I spent 4 years building cool proof of concepts, writing whitepapers, working with start ups and loving the tech evangelical side of my work (talks, hackathons, conferences). I coded in everything from Java (cries) to Unity to Scratch, and everything inbetween. I was the team’s resident ethics and privacy advocate. They’d come up with cool ideas and turn to me to check how creepy or unethical it was (sometimes I despaired). Eventually data crept back in — product managing the launch of an awesome app was surprisingly data intensive. I worked on a project to protect small merchants by predicting when they might be in trouble (inspired by the challenger banks and the telecomms industry). I had data, coding, education, people and, now another puzzle piece, emerging technology.
I was in my element, but longed for something more meaningful than “payments”. Two project which really captured me were building a mock up of how the Industrial Internet of Things could work with Raspberry Pis and writing a paper on what happens when robots can make payments legally. These caused a small obsession with robots and AI.
This small obsession caused a random application to a PhD programme 100 miles away which I surprised myself by getting into (only because I forgot to cancel the interview so did it via Skype out of politeness — imposter syndrome is tons of fun). My Masters project, by choice, involved lots of data — on designing tiny, tiny particles to deliver chemotherapy drugs to cancer cells. Data which I cleaned, wrangled, sorted, analysed, visualised and built neural networks from. I enjoyed it, cleaning messy data is a weird process which brings me much joy, and I got to make some delightful graphs. The Machine Learning part was a great opportunity to flex my coding skills. It wasn’t quite right though. The data and the work itself were missing the people part of my Venn diagram (I got to play with tiny robots from time to time which kept the emerging tech part satisfied).

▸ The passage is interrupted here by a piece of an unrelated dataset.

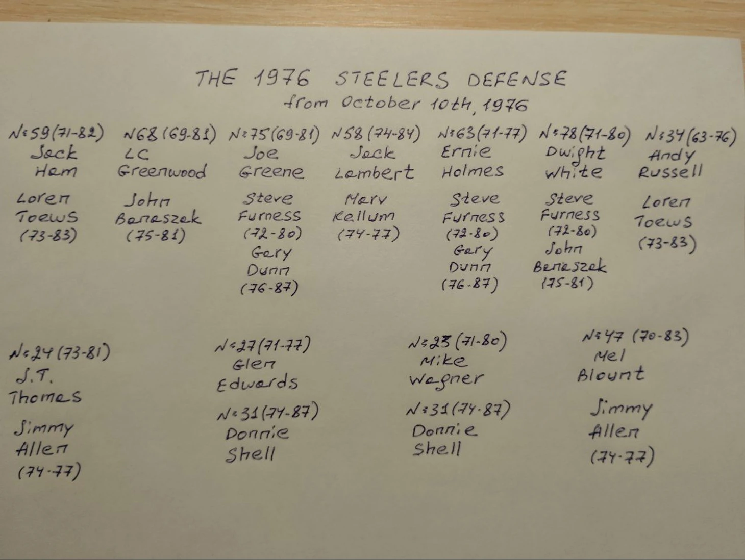 В начале 80-х годов все эти великие игроки знаменитого "Стального занавеса" стали завершать футбольную карьеру. Внизу приведён список игроков основы защиты с игровыми номерами и указаны года проведенные в составе. Ниже основного игрока указан запасной на его позицию, тоже с указанием годов выступления за команду, но уже без игровых номеров (кроме Шелла).

After some more bumps and doubts (and starting a social enterprise, and being made redundant from my Tech Innovation job...), I finally feel like I’ve found “my thing”. My current PhD project is understanding how education can be used to help people not be left behind as Robotics and AI advance. Somehow combining education and emerging technology (namely AI), in terms of how these things work (or don’t) for people and society, (which involves data and coding in its own way) seems to make my Venn diagram feel complete (but hard to visualise, see my attempt below).
I wanted to start this blog as a way to explore my interests not currently covered by my PhD work (privacy, ethics, coding, data, emerging tech like IoT). The rest of the posts WON’T be about me, they will be much more interesting.